◆ Task details
Copy the records below in full, keeping each word as it is but omitting the pictures.

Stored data
——
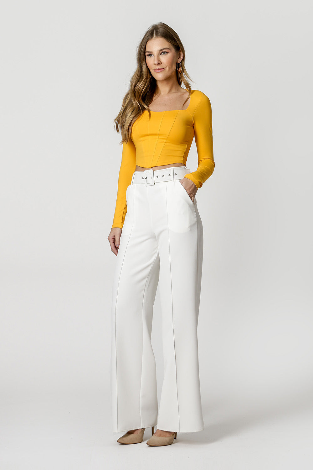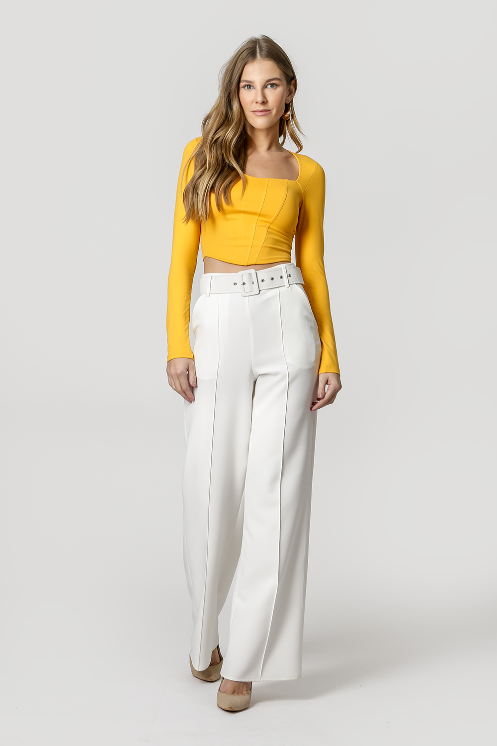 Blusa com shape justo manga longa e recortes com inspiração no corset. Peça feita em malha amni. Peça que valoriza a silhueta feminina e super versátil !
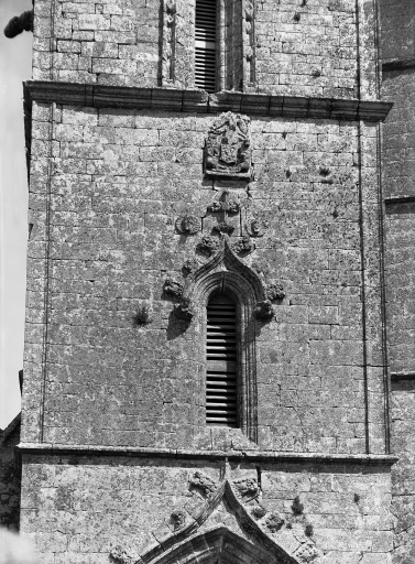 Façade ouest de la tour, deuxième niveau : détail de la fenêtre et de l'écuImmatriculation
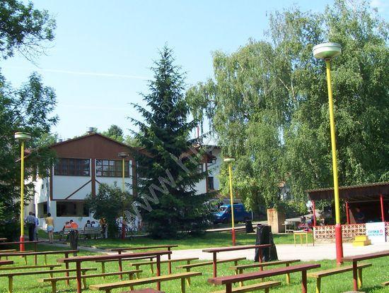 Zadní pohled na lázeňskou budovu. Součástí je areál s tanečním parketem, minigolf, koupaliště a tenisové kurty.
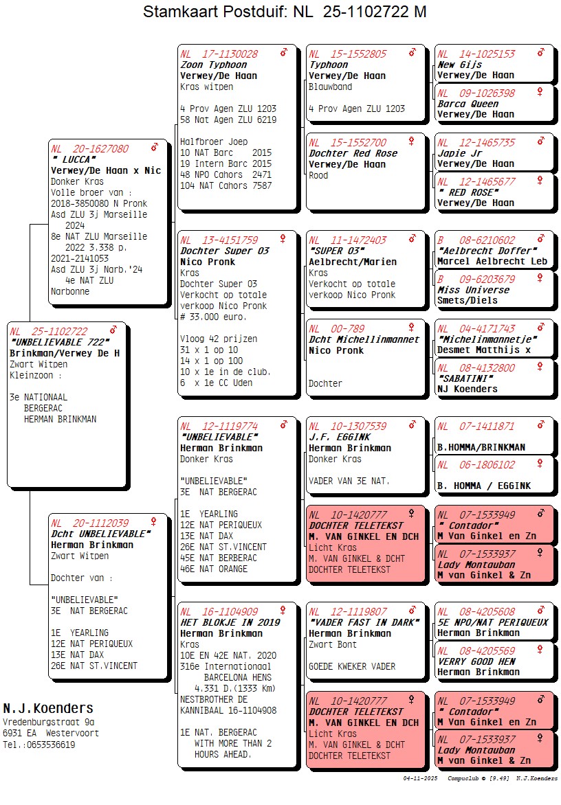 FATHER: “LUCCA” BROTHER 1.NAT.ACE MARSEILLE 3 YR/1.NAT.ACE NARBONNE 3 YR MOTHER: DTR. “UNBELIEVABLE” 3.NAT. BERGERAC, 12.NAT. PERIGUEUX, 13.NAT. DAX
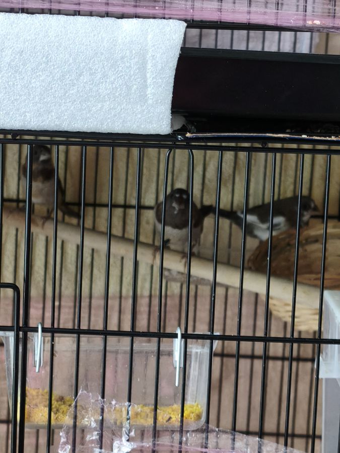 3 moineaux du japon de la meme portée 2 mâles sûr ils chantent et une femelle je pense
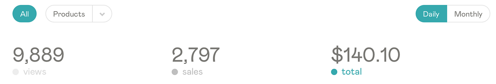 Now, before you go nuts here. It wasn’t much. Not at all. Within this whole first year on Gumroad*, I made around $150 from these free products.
——
◆ Response area
 Blusa com shape justo manga longa e recortes com inspiração no corset. Peça feita em malha amni. Peça que valoriza a silhueta feminina e super versátil !
 Façade ouest de la tour, deuxième niveau : détail de la fenêtre et de l'écuImmatriculation
 Zadní pohled na lázeňskou budovu. Součástí je areál s tanečním parketem, minigolf, koupaliště a tenisové kurty.
 FATHER: “LUCCA” BROTHER 1.NAT.ACE MARSEILLE 3 YR/1.NAT.ACE NARBONNE 3 YR MOTHER: DTR. “UNBELIEVABLE” 3.NAT. BERGERAC, 12.NAT. PERIGUEUX, 13.NAT. DAX
 3 moineaux du japon de la meme portée 2 mâles sûr ils chantent et une femelle je pense
 Now, before you go nuts here. It wasn’t much. Not at all. Within this whole first year on Gumroad*, I made around $150 from these free products.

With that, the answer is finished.